Learning about a central vascular access device for children

What is a central vascular access device?

A CVAD is a thin, flexible tube used to give medicines, fluids, nutrients, or blood products over a long period of time. It's also called a central line. It makes giving these things more comfortable because they are put directly into the line. That means your child is not poked with a needle every time. It may be used to draw blood for tests only if another vein, such as in the hand or arm, can't be used.

The CVAD is inserted through the skin into a vein in your child's chest, neck, groin, or arm. One end is moved into a large vein near the heart. In most cases the other end sticks out where it entered the skin. The end of the line that sticks out of the skin has caps on it. The health care team gives medicine or removes blood through the caps.

A baby in the neonatal intensive care unit (NICU) often has a line placed through the belly button. The NICU is the part of the hospital where premature or sick newborns are cared for.

Some of the common CVADs that are used outside the hospital or for longer periods of time include:

• A peripherally inserted central catheter, or PICC line (say "pick"). It often goes into a vein in your child's arm, and one end of the line sticks out of the skin.
• A tunneled catheter. It is surgically inserted into a vein in the neck or chest, and one end of the line sticks out of the skin.
• An implanted port. This is similar to a tunneled catheter but is left entirely under the skin. Medicines are injected through a "port" placed under the skin.

What happens when your child gets a central vascular access device?

In the hospital, a health care team will take care of your child and their CVAD.

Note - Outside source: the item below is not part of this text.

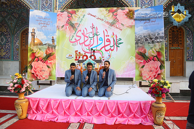 رَغمَ الأسىَ والغَمِ والأشجانِ ... نَشوانَ جِئتُ مُهنئاً إخواني فرحاً بميلادِ الهُدى لأبنِ الهُدى ... بِعليٍ الهادي إلى الإيمانِ بعدها صدحت حناجر فرقة إنشاد الجوادين بمجموعة من الموشحات والأناشيد الإسلامية وكان مسك ختامها بمشاركة الرادود الحسيني علي نجم بالردات الحسينية التي أضفى من خلالها روح البهجة والفرح والسرور في نفوس الحاضرين.

Insertion and care of the CVAD

Your child's team will:

• Check the site and dressing regularly. How often this is done depends on the situation.
• Wash their hands before and after handling the CVAD.
• Clean or replace the parts when needed.

Changing the dressing

The team will:

• Use clean and proper materials for the dressing, which covers the site.
• Clean the site and area whenever they change the dressing.
• Replace the dressing when it is damp, loose, or dirty. It will be changed regularly.

Home care

If your child goes home with a CVAD, the team will give you detailed instructions on how to care for it and what to do if any problems occur. In general:

• Always wash your hands before you touch your child's CVAD. Make sure anyone who touches it also washes their hands.
• Try to keep the skin at the site dry. This can help prevent infection. When your child showers or bathes, cover the site with waterproof material, such as plastic wrap. Be sure you cover both the CVAD site and the cap(s).
• Fasten or tape the CVAD to your child's body to prevent it from pulling or dangling. Avoid bending or crimping it. And have your child wear clothing that doesn't rub or pull on it.